**** SOURCE MATERIAL

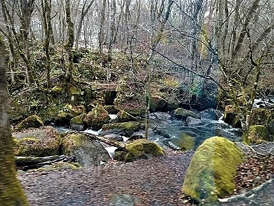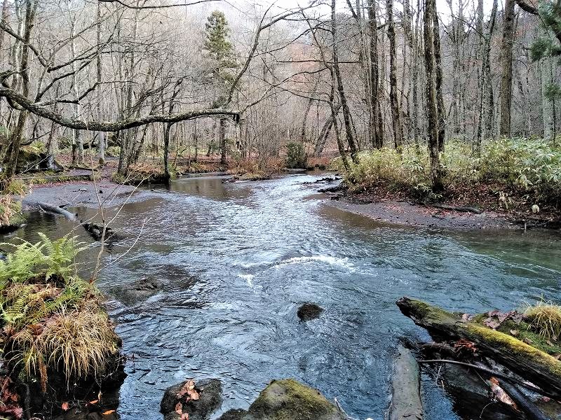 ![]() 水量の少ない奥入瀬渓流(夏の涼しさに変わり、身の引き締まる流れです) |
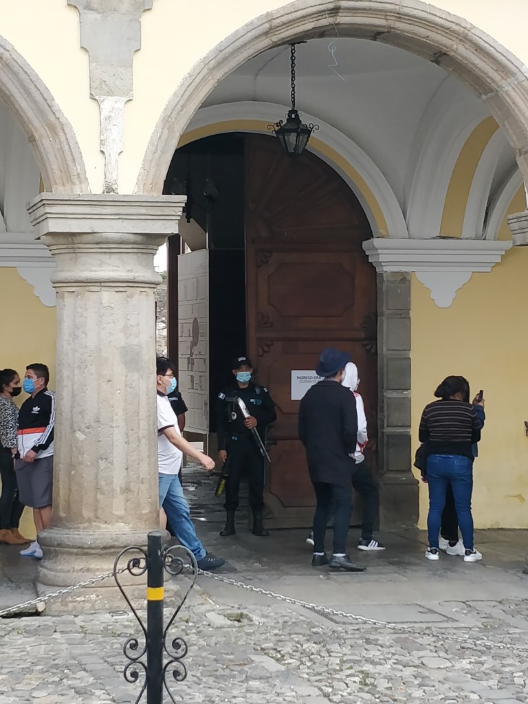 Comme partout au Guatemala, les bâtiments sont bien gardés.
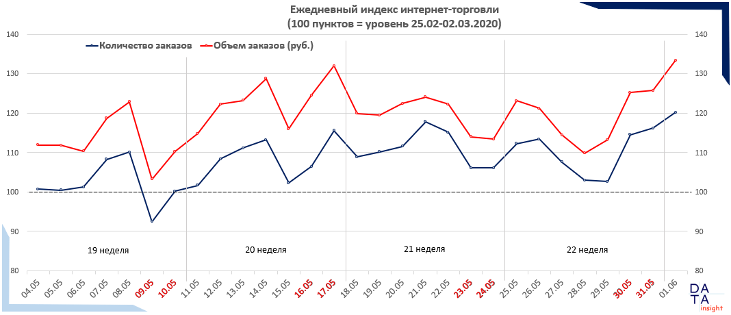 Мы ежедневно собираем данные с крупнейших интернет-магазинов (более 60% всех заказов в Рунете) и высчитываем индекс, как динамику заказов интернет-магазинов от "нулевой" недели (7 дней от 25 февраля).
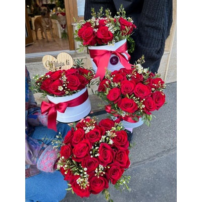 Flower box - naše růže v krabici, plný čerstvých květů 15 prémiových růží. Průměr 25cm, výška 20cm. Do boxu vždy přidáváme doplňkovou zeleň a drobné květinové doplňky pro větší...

********

* ACTION ITEM
Please reproduce all the material exactly. Pictures stay out of the copy.

* RESPONSE BELOW
 ![]() 水量の少ない奥入瀬渓流(夏の涼しさに変わり、身の引き締まる流れです) |
 Comme partout au Guatemala, les bâtiments sont bien gardés.
 Мы ежедневно собираем данные с крупнейших интернет-магазинов (более 60% всех заказов в Рунете) и высчитываем индекс, как динамику заказов интернет-магазинов от "нулевой" недели (7 дней от 25 февраля).
 Flower box - naše růže v krabici, plný čerstvých květů 15 prémiových růží. Průměr 25cm, výška 20cm. Do boxu vždy přidáváme doplňkovou zeleň a drobné květinové doplňky pro větší...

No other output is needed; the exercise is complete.